Another idea is to host informal coffee chats where you randomly group employees together and invite them to get coffee together and chat about their lives outside of work. Building those personal relationships helps build them professionally as well.
Surprisingly, research shows that weak social ties—casual friendships and acquaintances—contribute as much to life satisfaction as strong ones. The friendly greeting exchanged between departments, the brief conversation while refilling coffee, the shared frustration about a difficult resident—these small connections accumulate into a sense of belonging.
Ninety-four percent of workers say it’s important that their workplace be somewhere they feel they belong, yet 20% report they do not feel like they belong at work. This represents both a challenge and an opportunity for leaders willing to address it.
Here’s a reality check: managers matter as much to employee wellbeing as spouses and therapists. Yet 82% of bosses are “accidental”—promoted to leadership without formal training—and research shows this leads one in three workers to quit.
If you’re overseeing property management teams, your communication and leadership style directly impacts your employees’ mental health. Learning to lead with empathy isn’t optional; it’s essential. This means regular, meaningful conversations about how people are doing, not just what they’re doing. It means adapting your approach to individual team members. It means modeling vulnerability and asking for help when you need it.

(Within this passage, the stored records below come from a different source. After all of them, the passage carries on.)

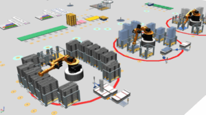 Die dynamische Kommissionierung hingegen verfolgt ein »Ware-zum-Roboter«-Prinzip und nutzt fahrerlose Transportsysteme (FTS) sowie ein anlagennahes Lager für hohe Flexibilität und Variantenvielfalt. Die Skalierung erfolgt durch einfache Erweiterung der Roboterzellen und FTS-Flotte, wobei der Staplerverkehr vollständig entkoppelt ist. Die Softwarelösung AutoLog, eine gemeinsame Entwicklung des Fraunhofer IWU und der Volkswagen AG, ermöglicht bei Volkswagen Slovakia die Konfiguration und Steuerung solcher Zellen im Self-Service und optimiert die Prozesse mit intelligenten Algorithmen. AutoLog erlaubt das initiale Design von Roboterzellen, steuert Roboter, Sicherheitstechnik und FTS, minimiert Wartezeiten und integriert Werkzeuge zur Fehleranalyse. Die virtuelle Inbetriebnahme erfolgt über eine Software-in-the-loop-Simulation zwischen AutoLog und einem Simulationsmodell in Siemens Plant Simulation. Dies ermöglicht die frühzeitige Bewertung neuer Anlagenkonfigurationen noch vor deren Betrieb.
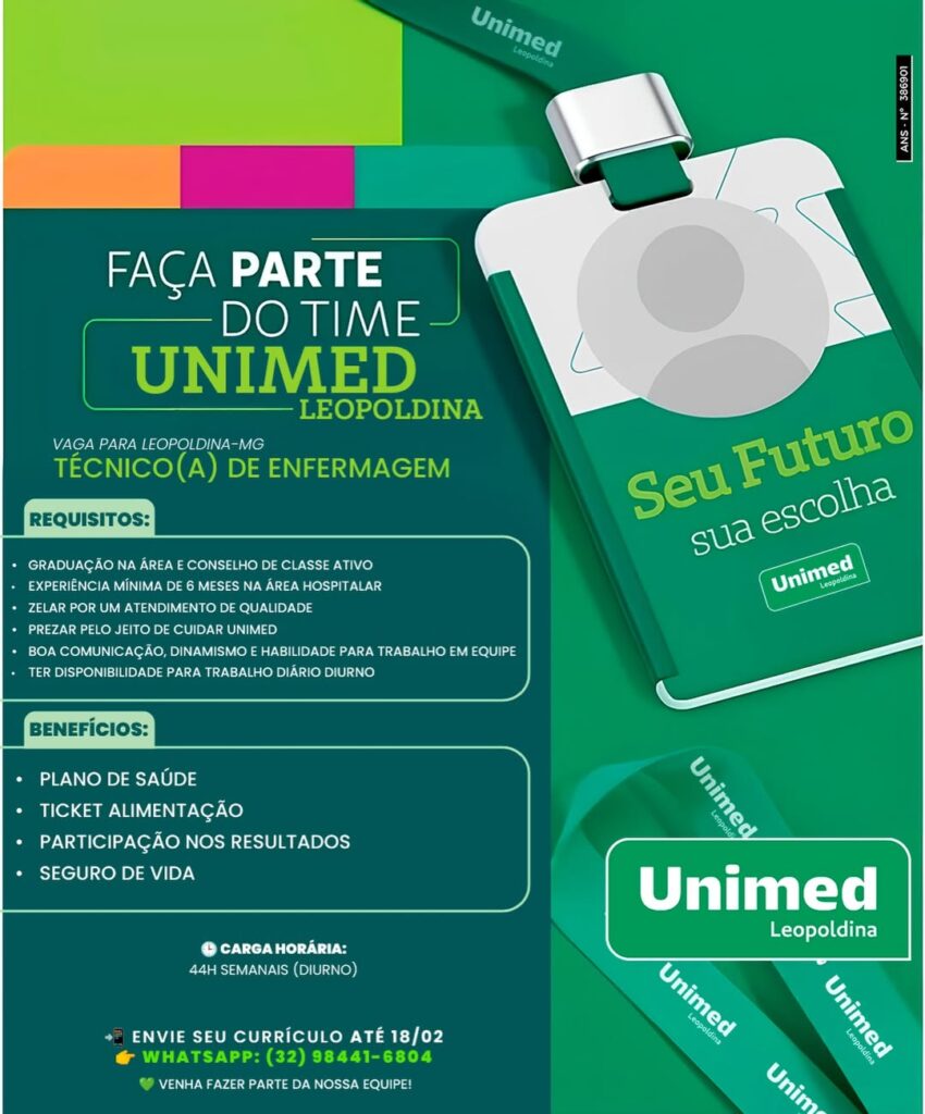 A Unimed Leopoldina está com oportunidade aberta para o cargo de Técnico(a) de Enfermagem, com atuação no município de Leopoldina. A vaga é destinada a profissionais com formação na área e experiência hospitalar.
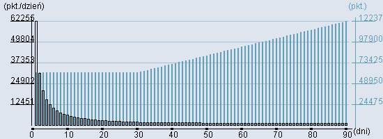 Rozkład realnego czasu hospitalizacji dla tej grupy JGP ![]() Wykres przedstawiąjacy rentowność pobytu pacjenta w zależności od ilości dni. ![]() | ||||||||||||||||||||||||||
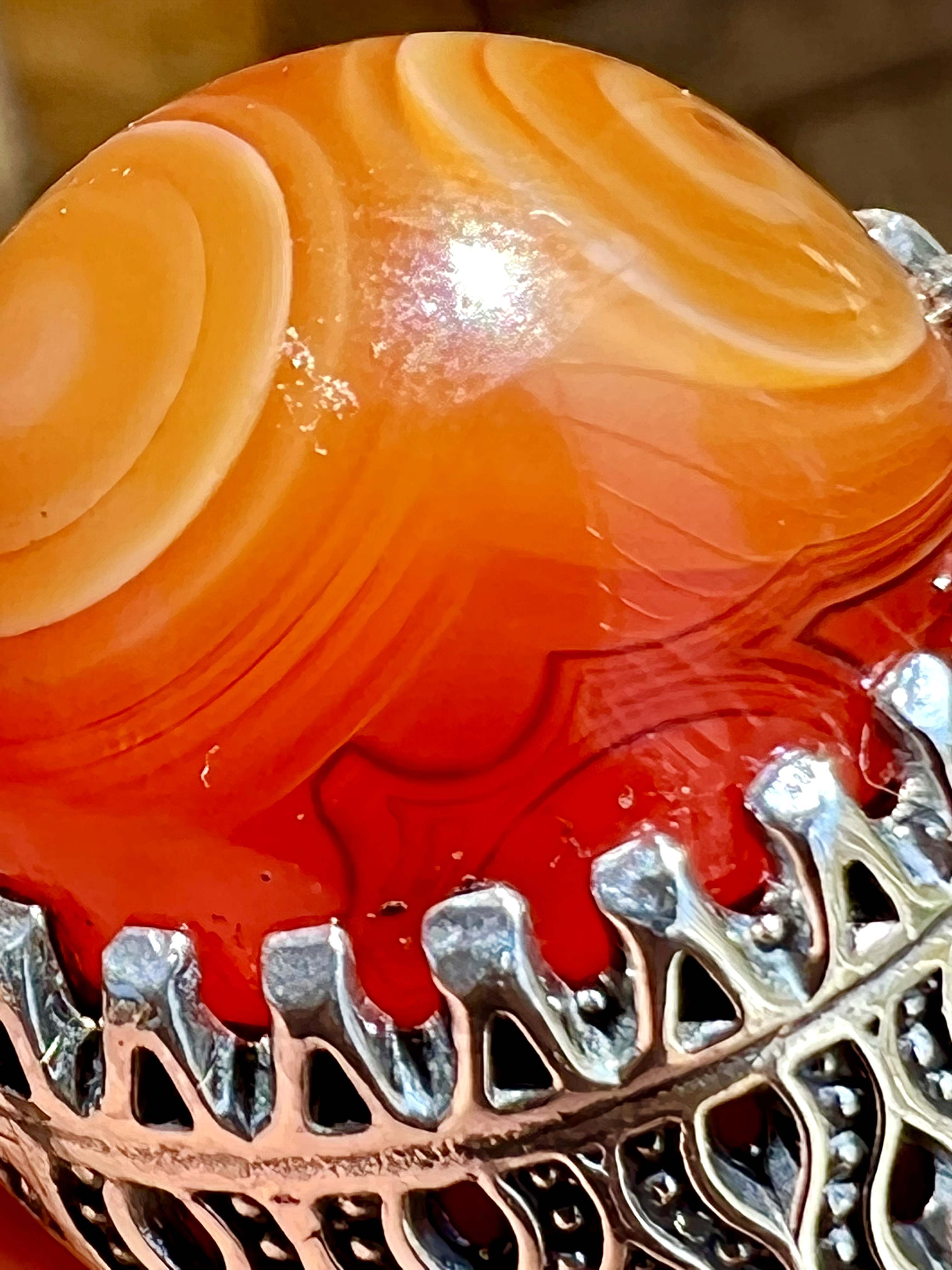انگشتر عقیق سه پوست باباقوری با رکاب قلمزنی هخامنش
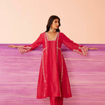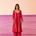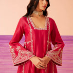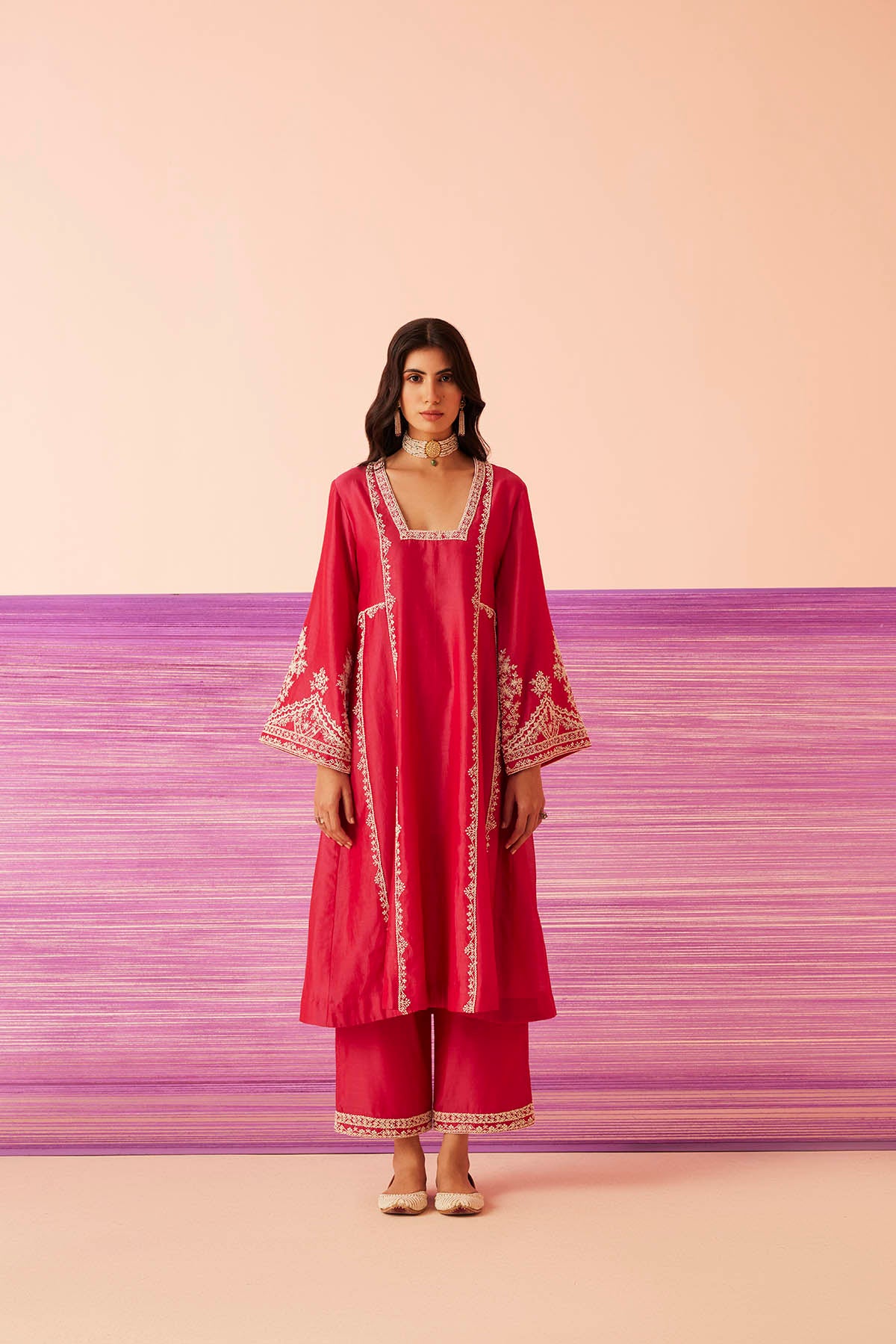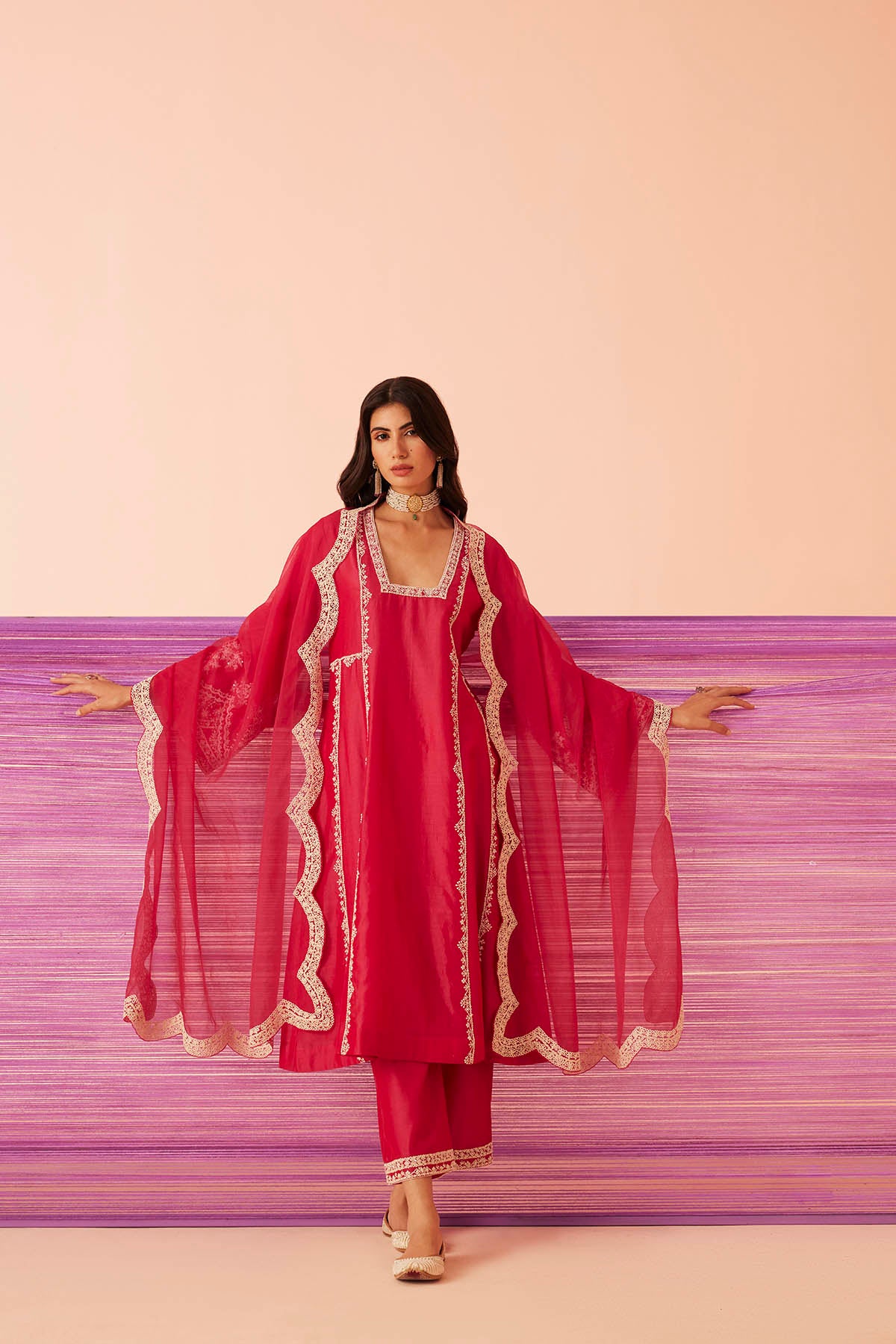 This crimson kurta set is fit for royalty. The intricate dori embroidery and pearl, bead, and sequin accents make it a true showstopper. Paired with a minimal embroidered palazzo and a sheer organza dupatta with embroidered scalloped edges, this look is all about that old world charm.

It also means seeing your employees as whole people with complex lives and responsibilities, not just producers of work. It means paying attention to the cues, when someone says they are fine, but they don’t seem fine. It means talking openly about mental health in the same way you talk about physical health—not to make anyone uncomfortable but to help your employees feel free to care for their brain as they care for their body. It means understanding when your employees might need more support—whether it be practical or emotional.
The most effective approach combines two elements: listening to the science and listening to your employees. As conditions evolve, your workplace must evolve too.
Implement regular pulse surveys or informal check-ins to understand what your team actually needs. Use that data to make decisions and share with your staff how their input shaped the organization. Communicate transparently about organizational priorities while inspiring people by showing them why their work matters. Connect employees to each other, to leadership, and to the impact they’re making.
As you plan for 2026, ask yourself: What’s one dimension of wellbeing that your organization excels in? How can you build on that strength? What’s one area that could be improved? What’s one concrete action you could take this month to move forward?
The path to workplace wellbeing isn’t about perfection. It’s about progress, intention, and a genuine commitment to creating an environment where your property management team can truly flourish. The science is clear, and the stakes are high. The question is: what will you try?